## Work request
Every line below between the line holding "صورة من مدينة كادوقلي" and the line holding "على المتعة الفاتحة", inclusive, should be repeated exactly, and all other lines omitted.

## Exercise data
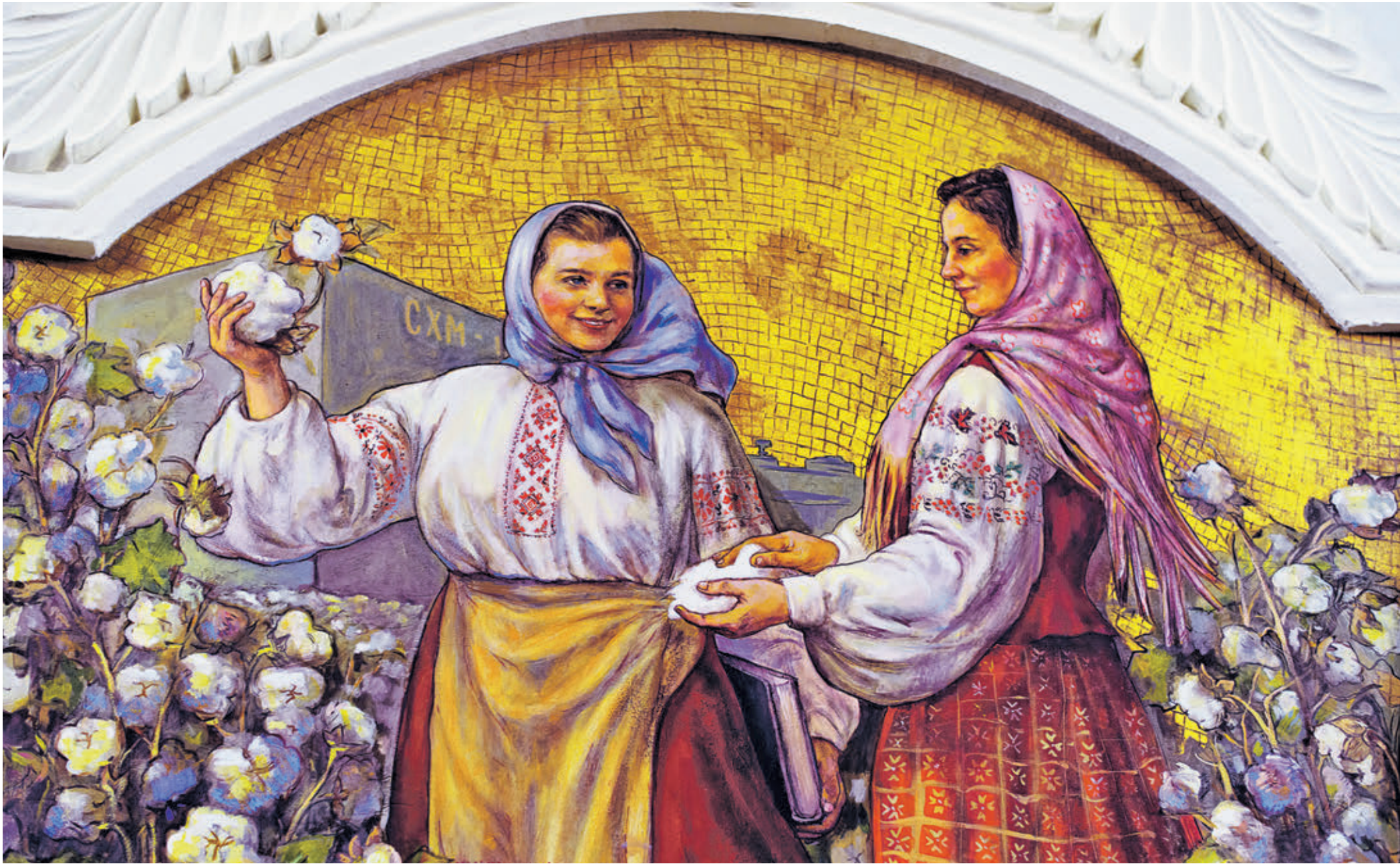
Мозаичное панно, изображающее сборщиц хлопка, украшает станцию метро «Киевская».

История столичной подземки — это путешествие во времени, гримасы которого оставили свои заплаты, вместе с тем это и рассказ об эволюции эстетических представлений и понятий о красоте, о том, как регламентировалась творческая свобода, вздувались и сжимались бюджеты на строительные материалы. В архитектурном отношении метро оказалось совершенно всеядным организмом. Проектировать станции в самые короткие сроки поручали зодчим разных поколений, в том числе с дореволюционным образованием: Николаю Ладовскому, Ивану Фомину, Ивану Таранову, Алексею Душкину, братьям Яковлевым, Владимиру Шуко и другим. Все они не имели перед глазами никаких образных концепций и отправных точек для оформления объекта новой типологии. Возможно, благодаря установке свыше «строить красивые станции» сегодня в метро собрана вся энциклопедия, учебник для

---

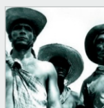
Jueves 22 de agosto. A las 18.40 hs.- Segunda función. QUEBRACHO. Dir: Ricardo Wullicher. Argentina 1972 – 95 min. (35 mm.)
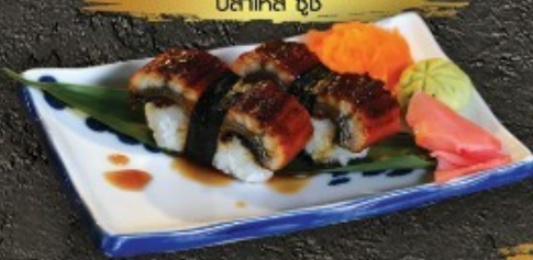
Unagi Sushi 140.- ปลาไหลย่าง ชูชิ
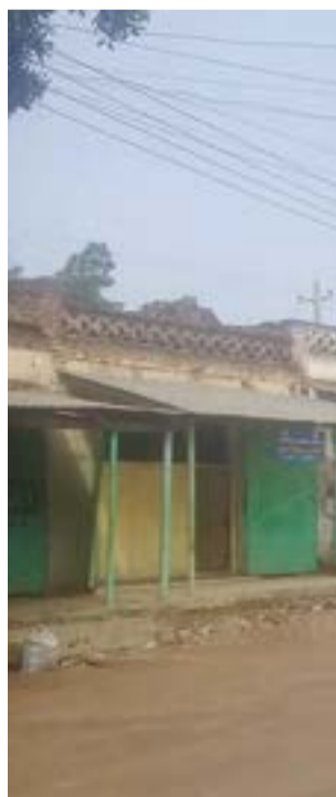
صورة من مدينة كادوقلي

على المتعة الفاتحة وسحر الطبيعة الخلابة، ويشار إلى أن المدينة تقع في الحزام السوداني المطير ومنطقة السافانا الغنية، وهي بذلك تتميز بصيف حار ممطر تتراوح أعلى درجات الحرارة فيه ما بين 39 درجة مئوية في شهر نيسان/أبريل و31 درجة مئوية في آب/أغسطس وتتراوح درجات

==

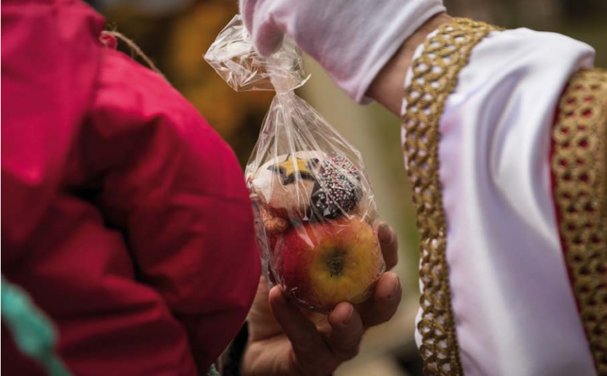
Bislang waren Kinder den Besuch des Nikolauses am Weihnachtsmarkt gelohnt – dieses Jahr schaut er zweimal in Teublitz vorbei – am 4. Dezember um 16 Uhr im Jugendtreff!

## Solved problem
صورة من مدينة كادوقلي

على المتعة الفاتحة وسحر الطبيعة الخلابة، ويشار إلى أن المدينة تقع في الحزام السوداني المطير ومنطقة السافانا الغنية، وهي بذلك تتميز بصيف حار ممطر تتراوح أعلى درجات الحرارة فيه ما بين 39 درجة مئوية في شهر نيسان/أبريل و31 درجة مئوية في آب/أغسطس وتتراوح درجات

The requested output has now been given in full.